» **WORK TO BE COMPLETED**:
Starting from the line with "[NAME] => Кольцо" and going up to and including the line with "還有一點呢,就是傳統(tǒn", copy the listing below exactly. Leave all images out.

» **EXCERPTED RECORDS**:
__________

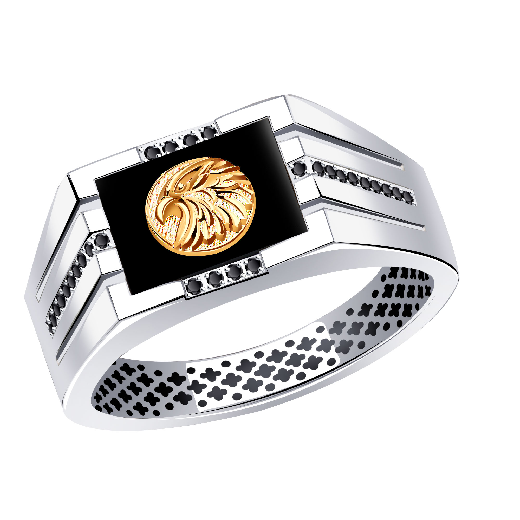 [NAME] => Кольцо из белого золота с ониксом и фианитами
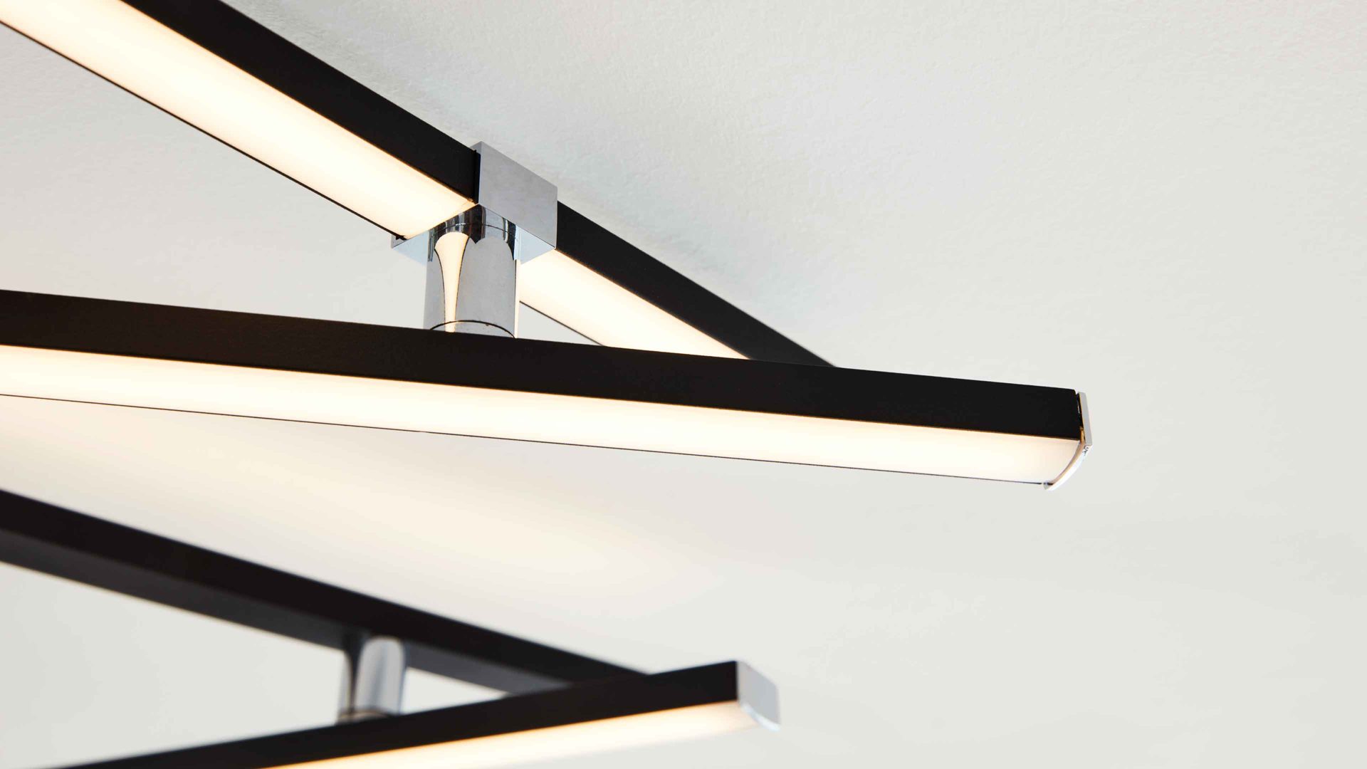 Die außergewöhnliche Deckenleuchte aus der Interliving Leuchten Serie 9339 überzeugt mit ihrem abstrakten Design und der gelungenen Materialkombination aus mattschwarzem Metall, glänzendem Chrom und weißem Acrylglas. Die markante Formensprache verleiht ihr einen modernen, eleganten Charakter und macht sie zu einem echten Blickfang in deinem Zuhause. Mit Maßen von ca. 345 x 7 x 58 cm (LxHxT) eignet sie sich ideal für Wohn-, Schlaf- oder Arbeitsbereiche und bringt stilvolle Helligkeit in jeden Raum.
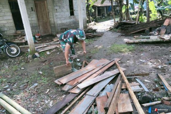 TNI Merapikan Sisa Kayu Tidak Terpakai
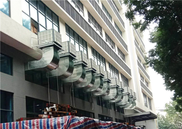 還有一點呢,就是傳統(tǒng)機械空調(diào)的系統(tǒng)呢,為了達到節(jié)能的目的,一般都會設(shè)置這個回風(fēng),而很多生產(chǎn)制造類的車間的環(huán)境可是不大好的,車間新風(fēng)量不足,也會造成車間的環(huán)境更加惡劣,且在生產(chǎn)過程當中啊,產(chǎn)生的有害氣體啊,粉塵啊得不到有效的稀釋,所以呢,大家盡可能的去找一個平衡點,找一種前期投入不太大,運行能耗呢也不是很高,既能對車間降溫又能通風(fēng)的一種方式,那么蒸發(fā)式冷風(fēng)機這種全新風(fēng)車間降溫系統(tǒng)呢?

__________

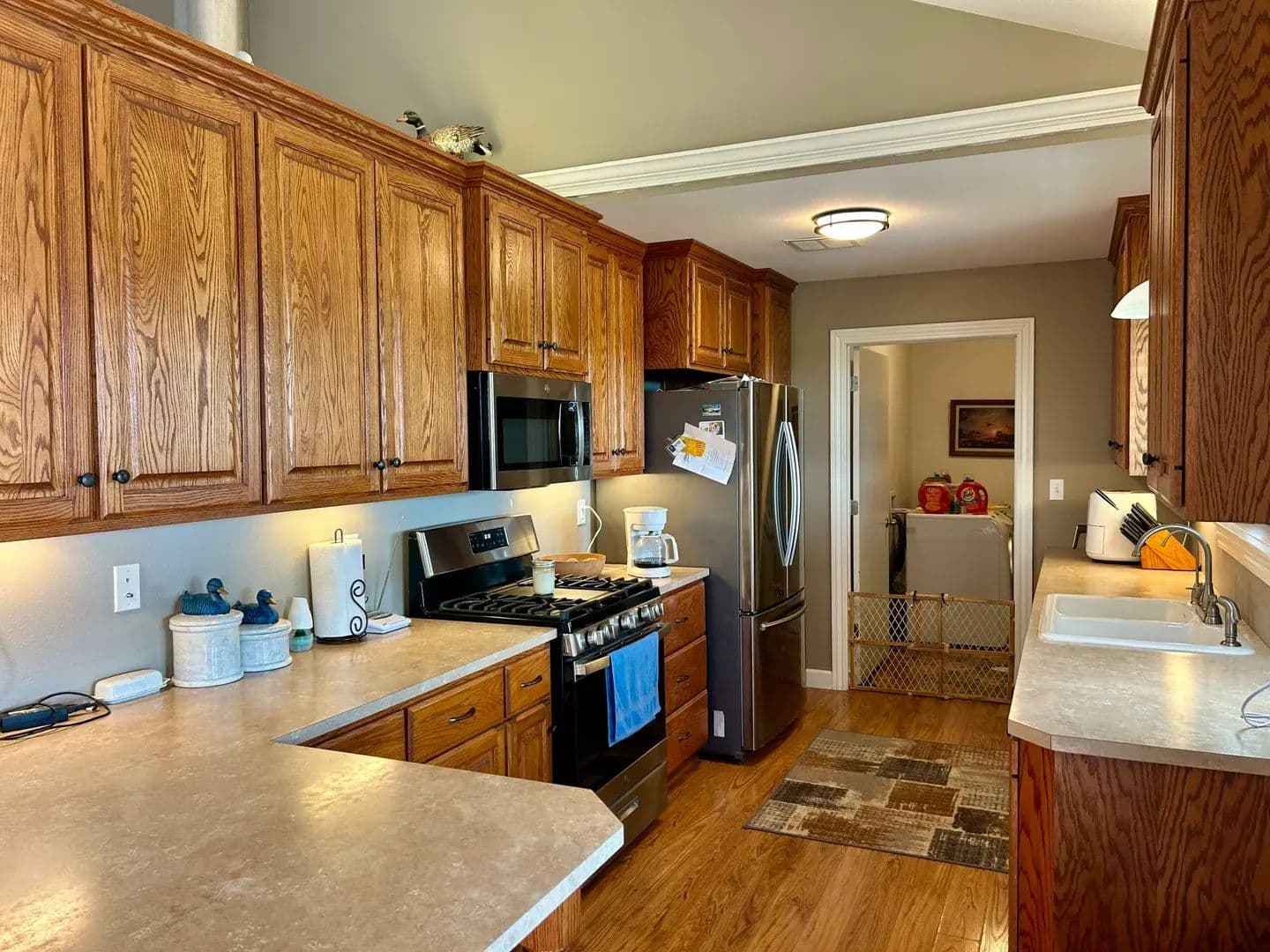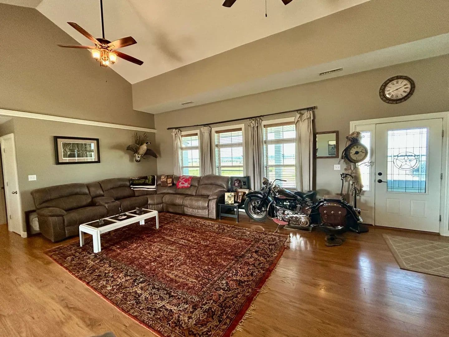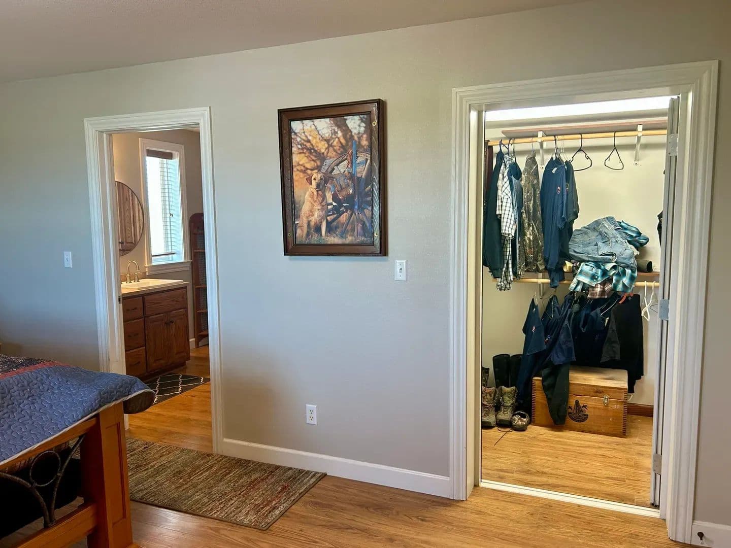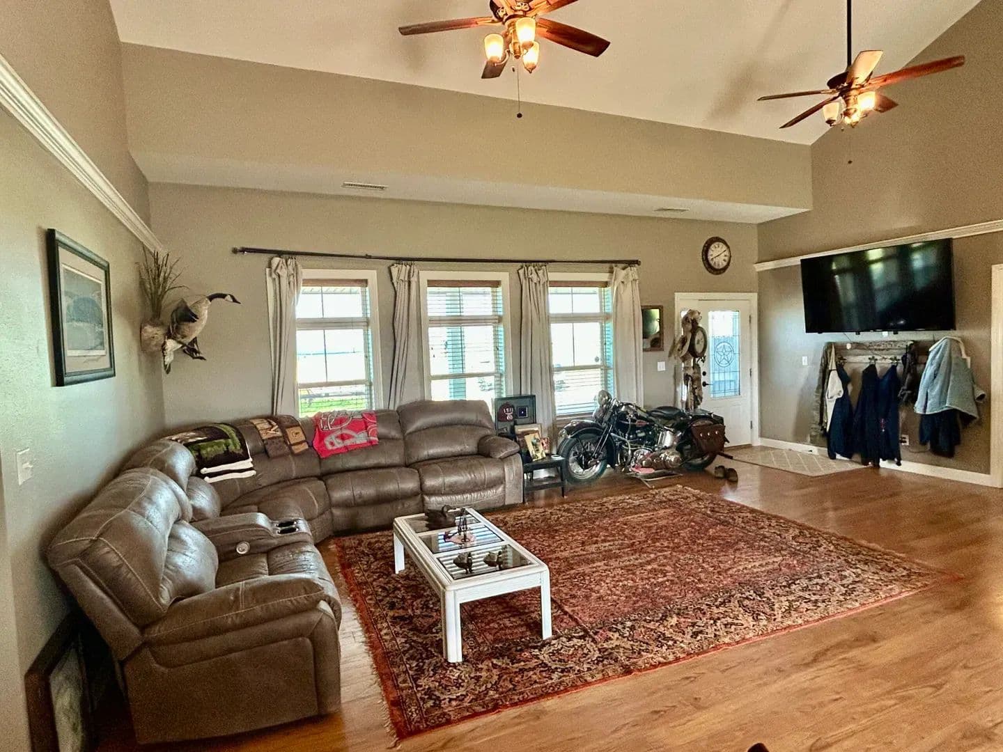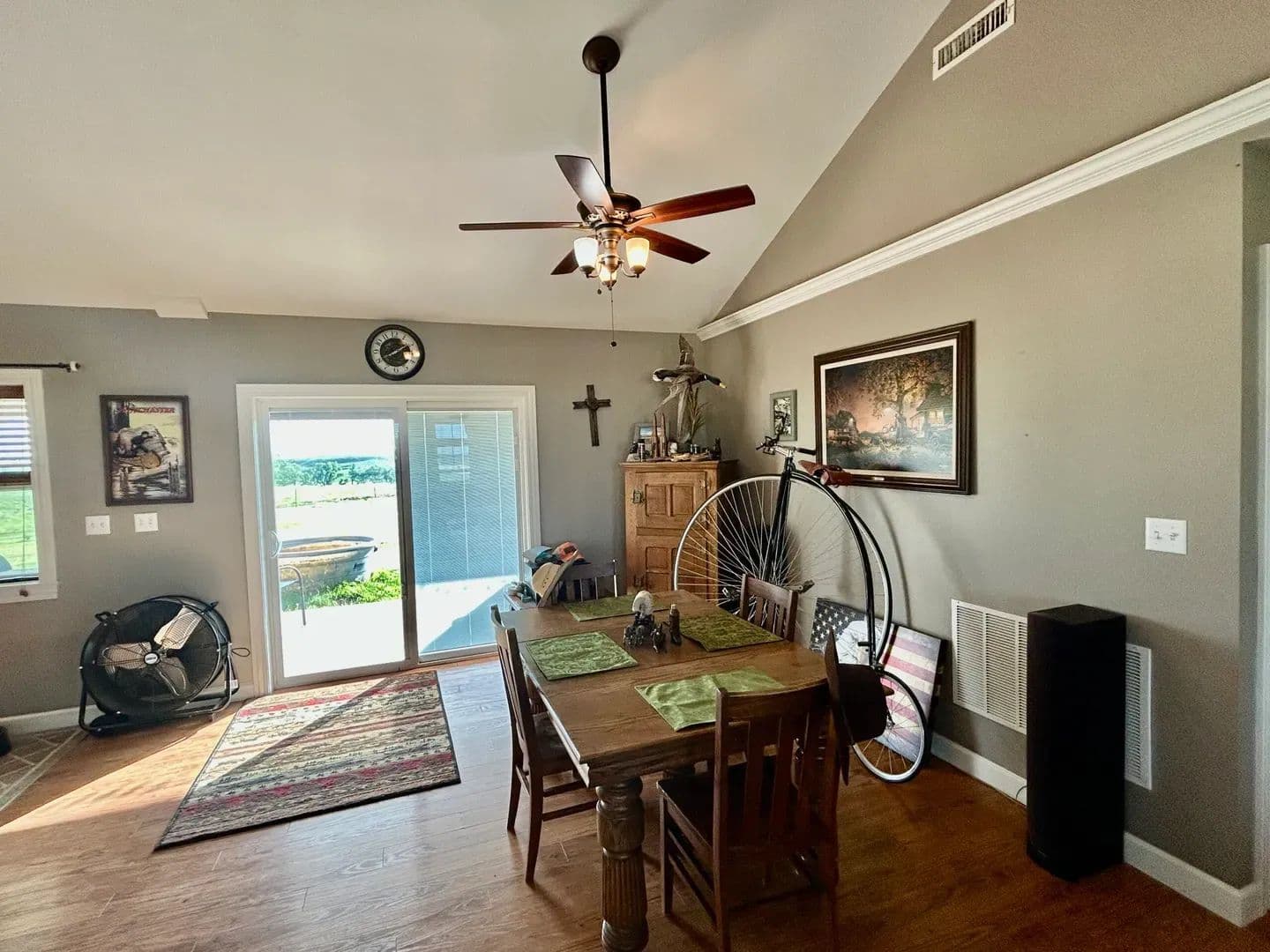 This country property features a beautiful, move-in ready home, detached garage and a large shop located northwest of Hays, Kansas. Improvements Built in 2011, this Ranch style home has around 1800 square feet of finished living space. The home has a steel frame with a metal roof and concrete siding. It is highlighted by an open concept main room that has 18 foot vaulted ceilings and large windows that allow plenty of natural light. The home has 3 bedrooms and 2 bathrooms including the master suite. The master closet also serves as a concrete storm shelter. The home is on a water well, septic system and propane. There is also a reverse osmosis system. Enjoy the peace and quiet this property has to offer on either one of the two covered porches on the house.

__________

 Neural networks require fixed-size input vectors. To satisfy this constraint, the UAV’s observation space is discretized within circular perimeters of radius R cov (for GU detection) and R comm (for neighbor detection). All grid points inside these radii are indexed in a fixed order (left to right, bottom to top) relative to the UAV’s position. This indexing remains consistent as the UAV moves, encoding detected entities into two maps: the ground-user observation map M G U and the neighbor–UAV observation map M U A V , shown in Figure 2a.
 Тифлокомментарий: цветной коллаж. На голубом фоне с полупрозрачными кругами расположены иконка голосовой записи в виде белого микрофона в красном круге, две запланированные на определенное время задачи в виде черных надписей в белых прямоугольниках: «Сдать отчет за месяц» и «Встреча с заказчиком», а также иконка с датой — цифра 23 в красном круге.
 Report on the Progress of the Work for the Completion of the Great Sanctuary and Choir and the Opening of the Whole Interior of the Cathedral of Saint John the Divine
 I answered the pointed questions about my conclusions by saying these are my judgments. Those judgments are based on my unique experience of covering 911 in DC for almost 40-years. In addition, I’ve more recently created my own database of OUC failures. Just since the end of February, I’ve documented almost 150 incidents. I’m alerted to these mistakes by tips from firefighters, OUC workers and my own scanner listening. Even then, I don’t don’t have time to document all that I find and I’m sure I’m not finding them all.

__________

» **TASK RESULT**:
 [NAME] => Кольцо из белого золота с ониксом и фианитами
 Die außergewöhnliche Deckenleuchte aus der Interliving Leuchten Serie 9339 überzeugt mit ihrem abstrakten Design und der gelungenen Materialkombination aus mattschwarzem Metall, glänzendem Chrom und weißem Acrylglas. Die markante Formensprache verleiht ihr einen modernen, eleganten Charakter und macht sie zu einem echten Blickfang in deinem Zuhause. Mit Maßen von ca. 345 x 7 x 58 cm (LxHxT) eignet sie sich ideal für Wohn-, Schlaf- oder Arbeitsbereiche und bringt stilvolle Helligkeit in jeden Raum.
 TNI Merapikan Sisa Kayu Tidak Terpakai
 還有一點呢,就是傳統(tǒng)機械空調(diào)的系統(tǒng)呢,為了達到節(jié)能的目的,一般都會設(shè)置這個回風(fēng),而很多生產(chǎn)制造類的車間的環(huán)境可是不大好的,車間新風(fēng)量不足,也會造成車間的環(huán)境更加惡劣,且在生產(chǎn)過程當中啊,產(chǎn)生的有害氣體啊,粉塵啊得不到有效的稀釋,所以呢,大家盡可能的去找一個平衡點,找一種前期投入不太大,運行能耗呢也不是很高,既能對車間降溫又能通風(fēng)的一種方式,那么蒸發(fā)式冷風(fēng)機這種全新風(fēng)車間降溫系統(tǒng)呢?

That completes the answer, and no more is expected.